Top of GIVEN RECORDS

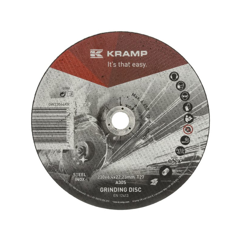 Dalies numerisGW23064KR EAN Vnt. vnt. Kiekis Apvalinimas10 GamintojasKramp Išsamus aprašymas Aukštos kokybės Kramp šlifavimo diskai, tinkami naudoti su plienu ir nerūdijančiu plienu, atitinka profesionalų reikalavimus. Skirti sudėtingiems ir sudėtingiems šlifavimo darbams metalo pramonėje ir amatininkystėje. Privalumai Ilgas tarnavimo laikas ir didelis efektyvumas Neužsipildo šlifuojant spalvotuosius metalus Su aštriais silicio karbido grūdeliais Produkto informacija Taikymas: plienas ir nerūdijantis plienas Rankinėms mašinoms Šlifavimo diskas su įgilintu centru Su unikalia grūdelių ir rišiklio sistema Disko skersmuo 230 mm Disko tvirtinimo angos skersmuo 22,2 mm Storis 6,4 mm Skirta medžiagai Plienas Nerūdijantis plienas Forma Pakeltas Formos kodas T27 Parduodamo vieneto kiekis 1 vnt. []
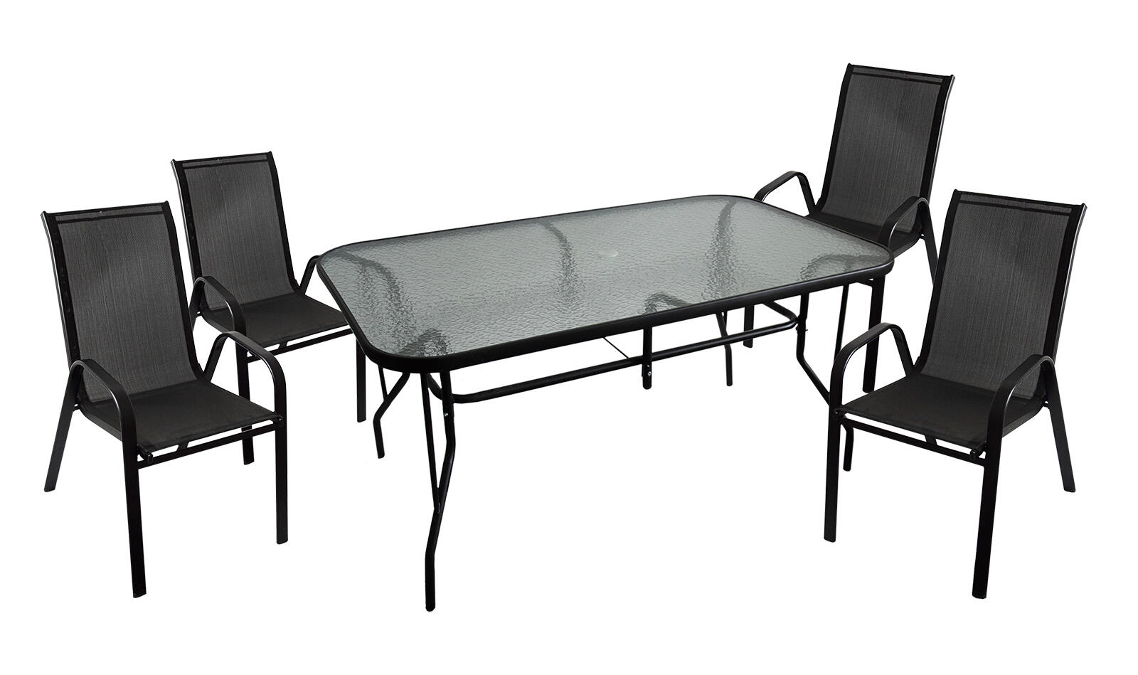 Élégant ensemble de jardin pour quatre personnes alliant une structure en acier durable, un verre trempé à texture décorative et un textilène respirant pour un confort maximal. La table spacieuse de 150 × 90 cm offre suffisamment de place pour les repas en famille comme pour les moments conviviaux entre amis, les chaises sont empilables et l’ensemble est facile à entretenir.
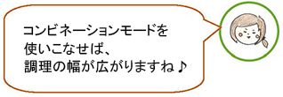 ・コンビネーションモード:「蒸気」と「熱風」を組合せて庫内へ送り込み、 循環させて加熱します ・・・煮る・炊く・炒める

Bottom of GIVEN RECORDS
Top of GIVEN RECORDS

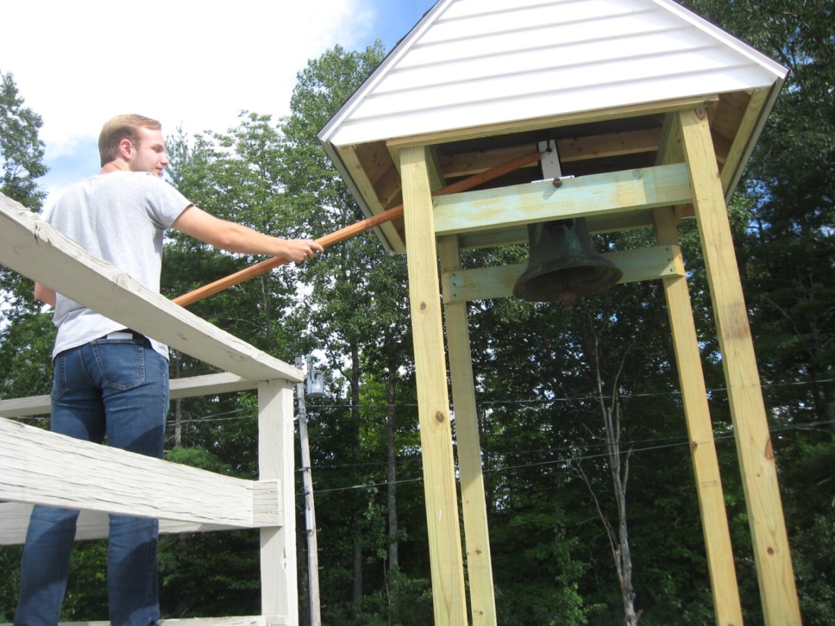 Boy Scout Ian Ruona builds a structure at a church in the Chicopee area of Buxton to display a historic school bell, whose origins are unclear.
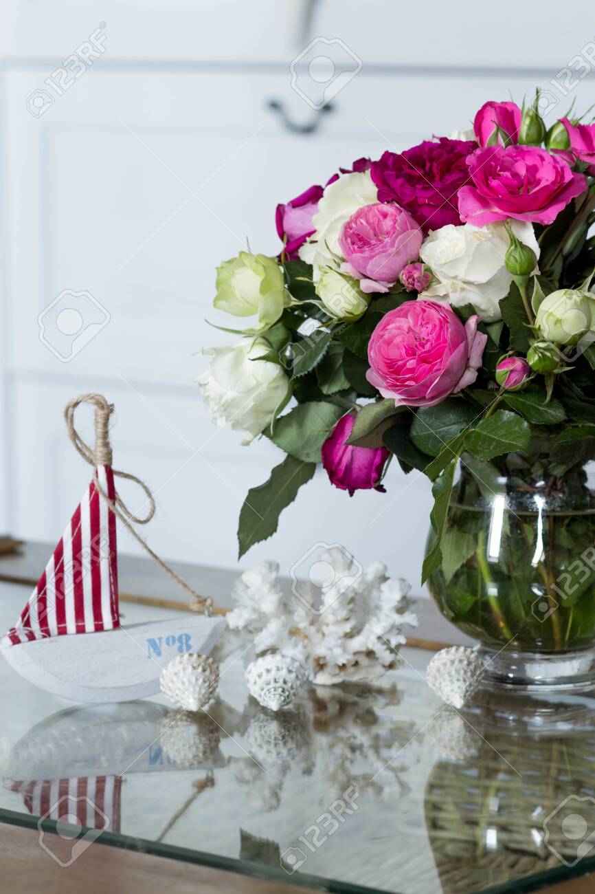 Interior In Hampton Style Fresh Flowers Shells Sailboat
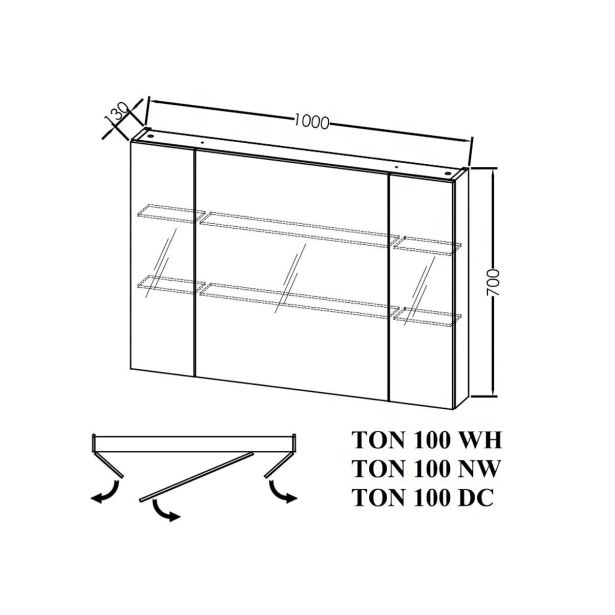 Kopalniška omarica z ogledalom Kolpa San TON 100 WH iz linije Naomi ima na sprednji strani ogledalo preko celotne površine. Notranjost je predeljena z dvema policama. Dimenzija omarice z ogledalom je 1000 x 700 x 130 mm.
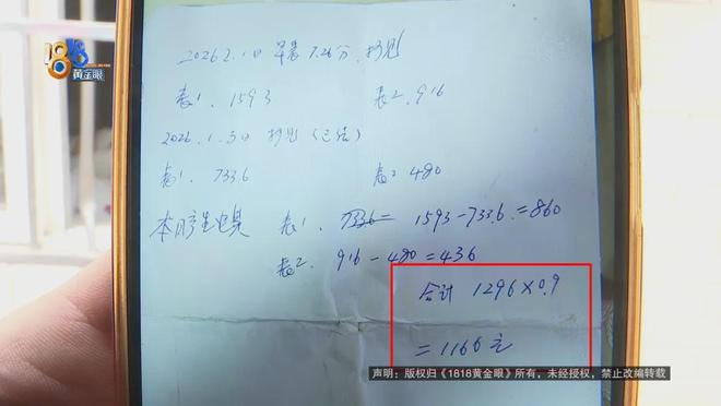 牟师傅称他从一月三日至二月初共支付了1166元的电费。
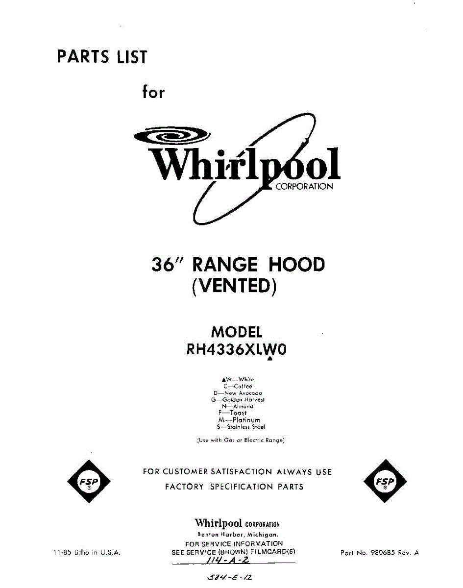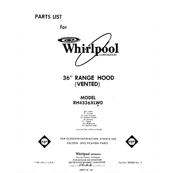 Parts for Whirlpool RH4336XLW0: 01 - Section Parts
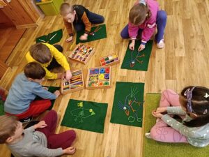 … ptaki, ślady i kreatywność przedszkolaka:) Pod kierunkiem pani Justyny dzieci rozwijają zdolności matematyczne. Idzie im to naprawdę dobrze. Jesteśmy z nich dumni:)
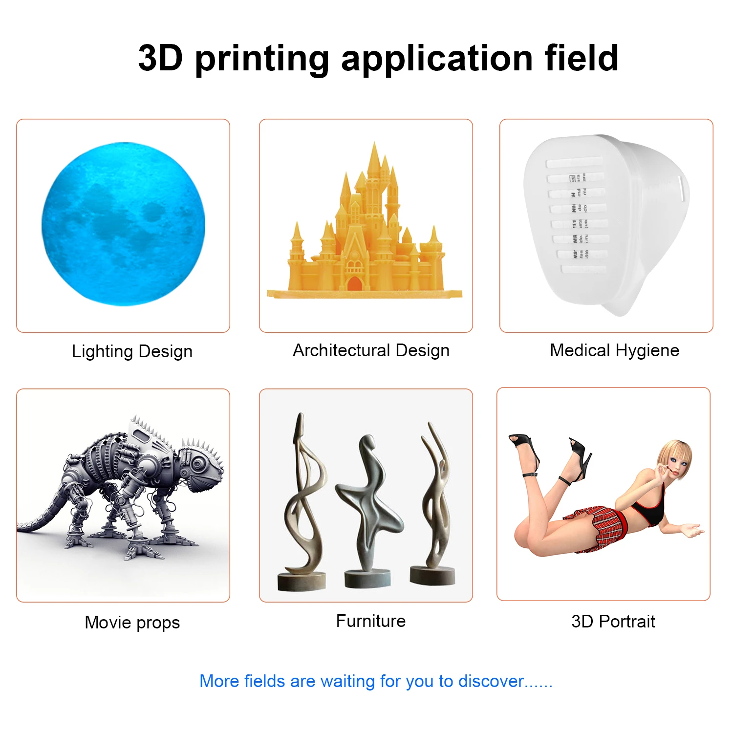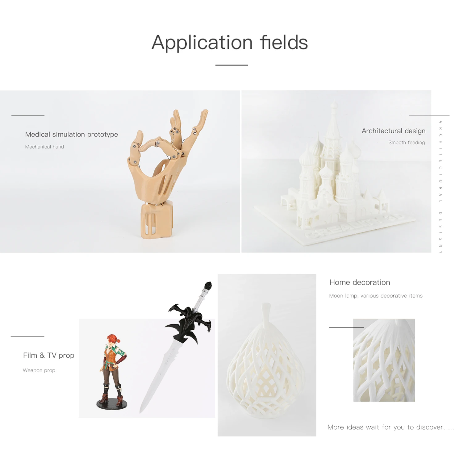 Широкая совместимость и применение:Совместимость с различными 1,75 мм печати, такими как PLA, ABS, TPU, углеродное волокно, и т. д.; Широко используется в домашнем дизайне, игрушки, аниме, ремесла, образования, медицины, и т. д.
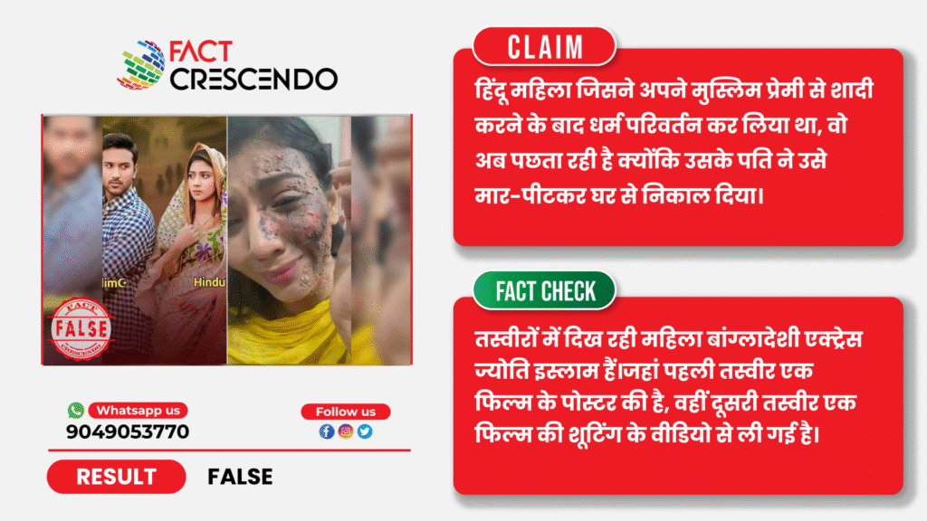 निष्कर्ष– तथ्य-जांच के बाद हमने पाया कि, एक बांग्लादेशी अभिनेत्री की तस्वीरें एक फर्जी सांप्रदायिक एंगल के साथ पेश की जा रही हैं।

Bottom of GIVEN RECORDS

▶ _ASSIGNMENT_
Working from the data above, repeat exactly, and only, the lines that begin at the line containing "Interior In Hampton" and stop after the line containing "z nich dumni:)"; pictures are not copied.

▶ _SOLUTION_
 Interior In Hampton Style Fresh Flowers Shells Sailboat
 Kopalniška omarica z ogledalom Kolpa San TON 100 WH iz linije Naomi ima na sprednji strani ogledalo preko celotne površine. Notranjost je predeljena z dvema policama. Dimenzija omarice z ogledalom je 1000 x 700 x 130 mm.
 牟师傅称他从一月三日至二月初共支付了1166元的电费。
 Parts for Whirlpool RH4336XLW0: 01 - Section Parts
 … ptaki, ślady i kreatywność przedszkolaka:) Pod kierunkiem pani Justyny dzieci rozwijają zdolności matematyczne. Idzie im to naprawdę dobrze. Jesteśmy z nich dumni:)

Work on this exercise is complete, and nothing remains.